Dear readers, you tell me: With the River Styx now frozen-over, how is it the handbasket that Earth has now gone into become so totally ablaze in flames?

Thank Heaven, though, at least here in North Texas, Universal Studios just announced Plano to be the lucky home of its latest new “carbon neutral” theme park. Uh huh. Belt it, Celine: “Near, far, wherever you are, I believe that my heart will go on!”

Yeah, 6,000 Dodge Rams rotating daily through 800 acres of paved-over asphalt sure is the first imagery that pops to my mind whenever I hear, “Tomorrow’s Green Future Today!” Anyhoo, follow me, folks. Just kick a cowpatty, and let’s get Texan two-steppin’ to the rodeo roundup right to it.
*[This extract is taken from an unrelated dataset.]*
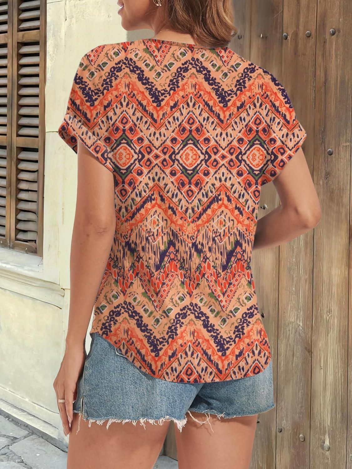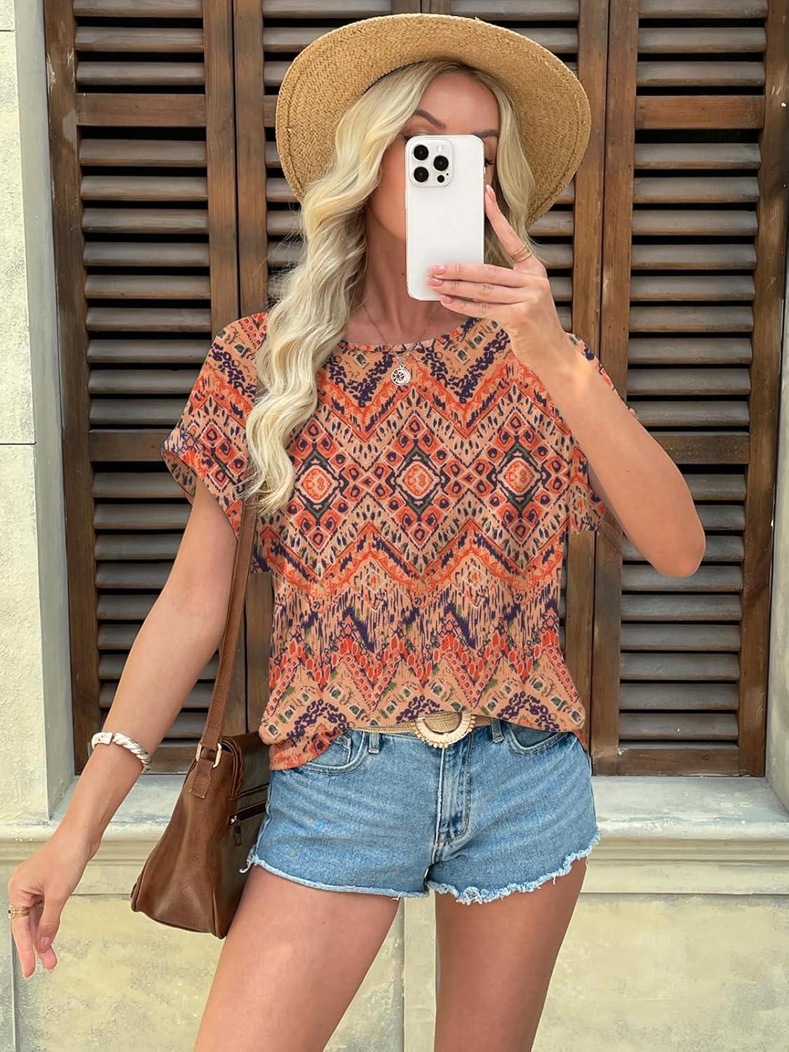 ATHMILE Women's Tunics Loose Fit Dressy Blouses Summer Short Sleeve Tops with Curved Hem Beach Vacation Clothes for Women(Boho)
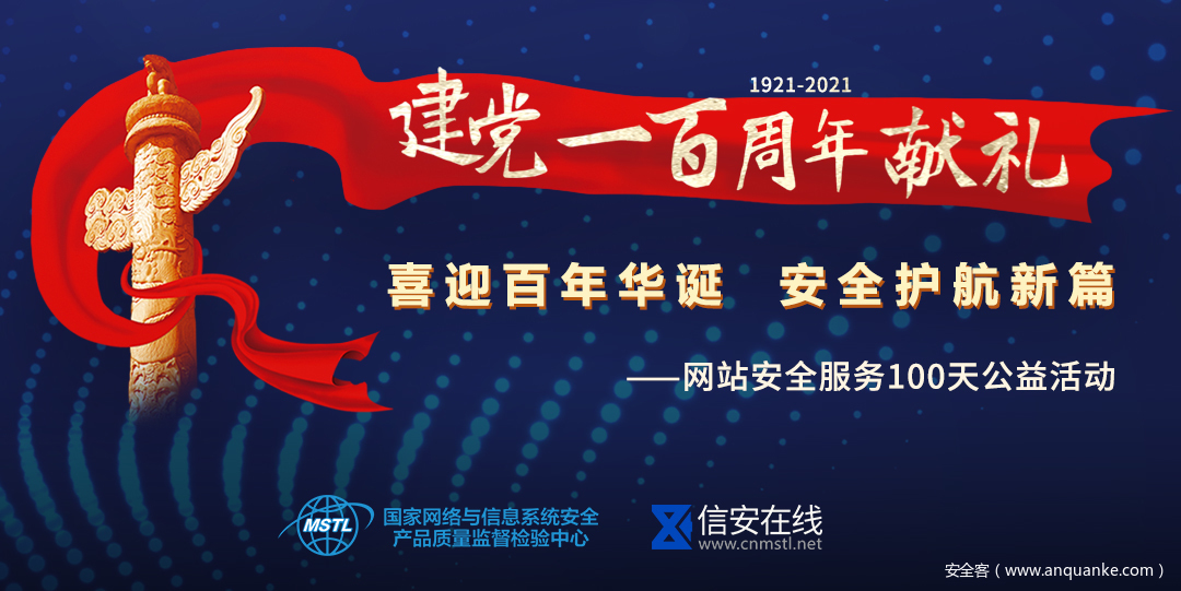 为庆祝建党100周年营造良好的网络安全环境,提高全民维护国家安全意识,切实做好建党100周年网络安全保障工作。国家网络与信息系统安全产品质量监督检验中心(公安部第三研究所)依托“信安在线”服务平台特举办建党100周年献礼—“喜迎百年华诞 安全护航新篇”网站安全服务100天公益活动。

Dear Howard: I am so confused by mixed signals I seem to be receiving by one of the men who frequently goes out with my posse. He turned us on to the Cedar Springs’ gayborhood as being, truthfully, one the best places for single straight men to meet amazing straight women. Recently, while midnight-parading Cedar Springs’ colorful waterholes — Woody’s, JR.’s, then closing down the Roundup — all of us feeling rather mellow despite the near instant post-midnight evaporation of all females, with detached ennui I watched the man of our gay bars’ initial introduction begin slowly unbuttoning the shirt of a tall, rather hairy-chested individual standing immediately to his right: Me!

“Oh, such chest hair, you,” he drawled sweetly, trawling his tongue round the sugared rim of his lemondrop. “Why, oh my, do I spy a happy trail?” Coquettishly, he set down his yellow martini atop the bar stool, and I, suddenly alert, began refastening my shirt in a fever: “Sir, no offense. I may be gay-friendly, but that doesn’t mean I’m bi-curious.”

Too harsh, Howard; or, ’bout par for the circumstances?

— Manscaped Landscaper

Dear Bushwhacker: If you ask me, a pride of heterosexual American males slumming through Cedar Springs’ alluring underbelly seems to but beggar a bigger caprice: Why, oh why — if you’re just not that much into flying-freak monkeys, hysterically merry Munchkins or foppishly brain-dead scarecrows — would one ever remotely go tripping the enchanted Land of Oz in the first place?

Dear Howard: I’m a SWF, 33 — attractive, with a shapely, full hourglass figure, well-educated — and I cannot understand why, out of my entire college friend group, I’ve suddenly become the last old maid standing who has still yet to receive even a single marriage proposal. Thing is, I’m not picky. I’d be happy with a gay man, even.

I hate all that domesticity stuff anyhow — housework, cooking, cleaning, kids and kittens. All I ask from marriage is just a Harry Winston ring and a black AmEx card. What’s so wickedly wrong with that?

— Renaissance Rebel, Caren

Dear Carny: OK, brass tacks here. You say you’re ambivalent, my Lady White-Bread Entitlement, about your nonexistent potential future husband’s sexuality, that you loathe all children, chores, dieting and pets. Nonetheless, for the reward of but, oh, a mere chinchilla coat, a few Faberge eggs and an oligarch’s yacht, you’d be delightedly amenable to becoming any man’s worst spousal arm-candy from hell?

So, now let us flip this card over and ask of yourself, Miss Renaissance, what valuable gifts and precious commodities do you bring to the table for, say, a breathing man? Anything? Carny, of every conjoined couple, at least one member is required to contribute a few bare minimal household virtues; otherwise, you’re just paying homage to every given episode of The Kardashians. And we all know how their marriages go.

Honey, real betrothment doesn’t come with a behind-the-scenes crew to sweep up your hurled champagne flutes off the floor. Somebody has to be domestic! Yet, you think your blousy ambition to become a trophy spouse transcends extending any traditional work required to own the role?

Rebel, girl, hit me back again once you’ve dieted down to a size zero. Rich men do not marry fat girls. Say nothing of the “shapely, full hourglass figure” that you cut.

The price of marrying affluence, Caren, minus compromising any your amorality, is eternal hunger. Just ring the bell of any given house in Preston Hollow. Wanna know who the lady of the manor is? You’ll recognize her instantly: She’ll be the one whom you can see lamplight through her bones.